Tennis Elbow Procedure
One of the most painful and known conditions is tennis elbow. Anyone can have tennis elbow and their pain presents with weakness and less movement in the muscles of the forearm.
Type of anesthesia during tennis elbow surgery
The procedure may be done under general anesthesia (while you sleep) or with a regional anesthetic (where an area is numbed but you are awake). The anesthesiologist will talk to you and explain all of this.
While you sleep, a tourniquet may be placed on your upper arm. This will limit the amount of blood loss and is important.
Your surgeon will clean your skin with an antiseptic and place sterile cloths (towels) around the area to be operated on. A cut is then made over the problem area where the tendons come from. This is usually a curved cut of no more than 5 - 7 cm.
The point from which the tendons come is removed from the bone (which is then cleaned of any lumps or scar tissue). When finished, the skin is closed with stitches. Some surgeons will use stitches under the skin that will dissolve, others will use stitches above the skin that may or may not dissolve (this should be removed in 10 to 14 days).
Recovery after operation
After surgery performed under general or regional anesthesia, you will have a bandage around your arm. This can be removed in 2 days, but the white sticky cast must be kept on and the wound must be kept clean and dry.
You will most likely need analgesics for the first few days after surgery as the elbow will be sore.
You can start using your arm gently and gradually increase it, however, you should avoid intensive use for 6 weeks. Full recovery may take up to 3 months, plus time for full return to sports.
Risks of Tennis Elbow Surgery
As with all procedures, this carries some risks and complications.
- Pain: The procedure involves moving soft tissue and hurts afterwards. It is important to discuss this with the staff and ask for pain medication if necessary.
- Infection: This may present as redness, discharge, or temperature around the flap or donor site.
- Hypertrophic Keloid Scar: Scars that grow excessively (within the margin of the wound and beyond, respectively).
- Fat necrosis: this is also a cause of delayed wound healing.
- Damage to nerves: There are very few important nerves in this area.
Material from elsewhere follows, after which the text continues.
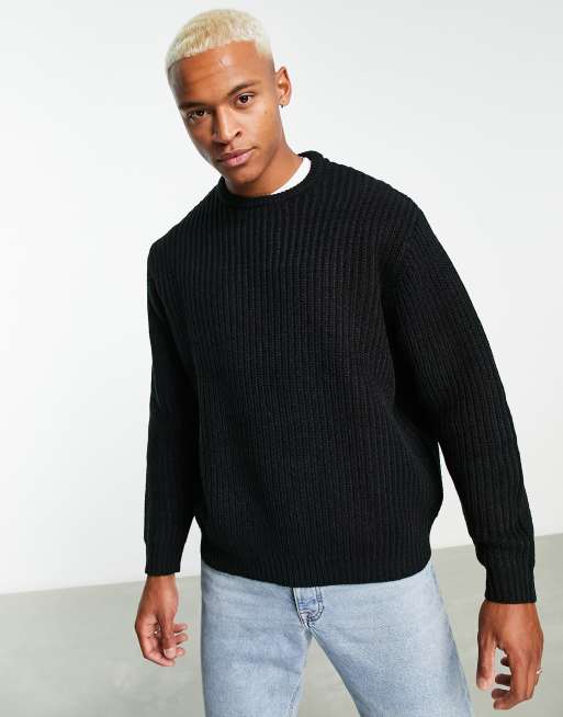 ASOS DESIGN – Svart ribbstickad fiskartröja i oversize
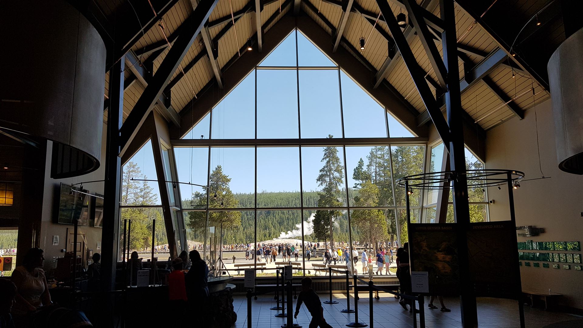 Du gehst in das Visitor Center und besorgst dir einen Umgebungsplan. In der Halle steht ein Schild mit der Uhrzeit, wann Old Faithful das nächste Mal ausbrechen wird. Das ist ca. alle 90 Minuten der Fall. Die Zeit ist auf +/- 10 Minuten genau, daher hat der berühmte Geysir schließlich seinen Namen, der „Alte Getreue“. Durch die große Glaswand erspähst du bereits den kleinen Hügel des Old Faithful und du verlässt das Gebäude auf der Rückseite. Wenn noch viel Zeit bis zum nächsten Ausbruch ist, kannst du dich gleich auf den Weg durch das Geysir-Feld machen und den Ausbruch von Old Faithful auf dem Rückweg bewundern. So sparst du Zeit.

Rarely, you may experience numbness around the scar site.
- Posterolateral instability of the elbow: This results from injury to the ligaments (elbow stabilizers). It means that the elbow feels less stable.
- Delayed wound healing: This may occur if the wound is stressed, infected, or has poor blood supply.
- Delayed return to activity: Your recovery may be variable and you may need to stay away from sports/gardening or other strenuous activities for an extended period of time.
- Decreased function: You may never have as much strength, movement, or function as you once had.
There are several non-surgical treatments available. These include reducing inflammation (swelling) by simply supporting the elbow. Using an ice pack and pain relievers (such as ibuprofen) is also helpful at this time.
Your doctor or surgeon may also recommend a physical therapy course: they will teach you exercises to try to strengthen or stretch your forearm muscles or use ultrasound equipment to limit inflammation (swelling). They may also show you how to avoid irritating or straining the tendons.